I know a method but haven't done it yet.

1. Write $\cos^5(x)$ and $\cos^4(x)$ as $\frac{1}{16}(10 \cos(x) + 5 \cos(3x) + \cos(5x))$ and $\frac{1}{8}(3 + 4 \cos(2x) + \cos(4x))$.

2. Substitute $z = {e}^{ix}$.

3. Then, you would get a rational polynomial function in terms of z which can "easily" be solved using Partial Fraction or Division approach.

I know this method is way too tedious but that's the most general way to tackle these types of problems.

- 5 years ago

You can't solve it by simple Partial Fractions because the denominator of this function does not have any "nice" roots.

- 5 years ago

Oh! I see. I hadn't checked it so I might be wrong. If it doesn't have "nice" roots then also it doesn't matter, computer will do it, it doesn't discriminate b/w real and complex :P

- 5 years ago

We might have different opinion of "nice" closed form. Does the integration of $\frac1{x^3 + 3x^2 + 5x+7}$ have a nice form?

- 5 years ago

That's quite nice! :P For me, everything has a nice "closed"(I didn't use this word originally) form. Even the error function does! :P

- 5 years ago

To me, even the error function is not "nice". I only consider elementary functions to be "nice".

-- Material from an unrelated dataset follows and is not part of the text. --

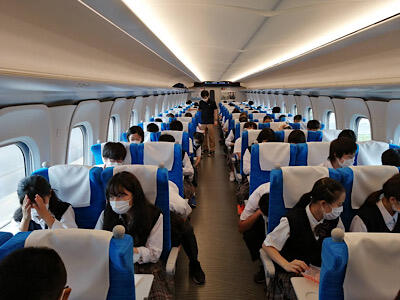 新横浜で出発式を行い、いよいよ新幹線に乗り込みます。実行委員からは、感染対策に気をつけよう。あいさつをしっかりしよう。などの話がありました。

If you consider all of these to have a "nice" closed form, then it's hard to judge whether an integral is worth solving or not. Don't you think so?

- 5 years ago

I am getting a nice closed form if the numerator is $\cos 5x + \cos 4x$. I think if it is a JEE problem then the numerator should be what I have written. Can you please check? Otherwise I'll try with this again.

- 5 years ago

I am sure about the question. The reason I put the jee tag was to get to know if there are any methods of jee applicable.

- 5 years ago

What makes you think that it has a closed form?

- 5 years ago

This problem was given to me by my class mate. I tried every integration technique possible. Even I doubt if there exists a valid closed form for it. Please help me sir.

- 5 years ago

There's no simple closed form without using hypergeometric functions. Apply $\cos(3x) /\cos(2x) = 1 - 2\cos(2x)$ and reducing the powers of trigonometric functions to 1 shows that we are essentially solving for at least one of $\int \sin(ax) \csc(bx) dx$ , $\int \sin(ax) \sec(bx) dx$, $\int \cos(ax) \sec(bx) dx$, $\int \cos(ax) \csc(bx) dx$ which can't be stated in terms of elementary functions because for all of these cases, $b \ne 1$.

- 5 years ago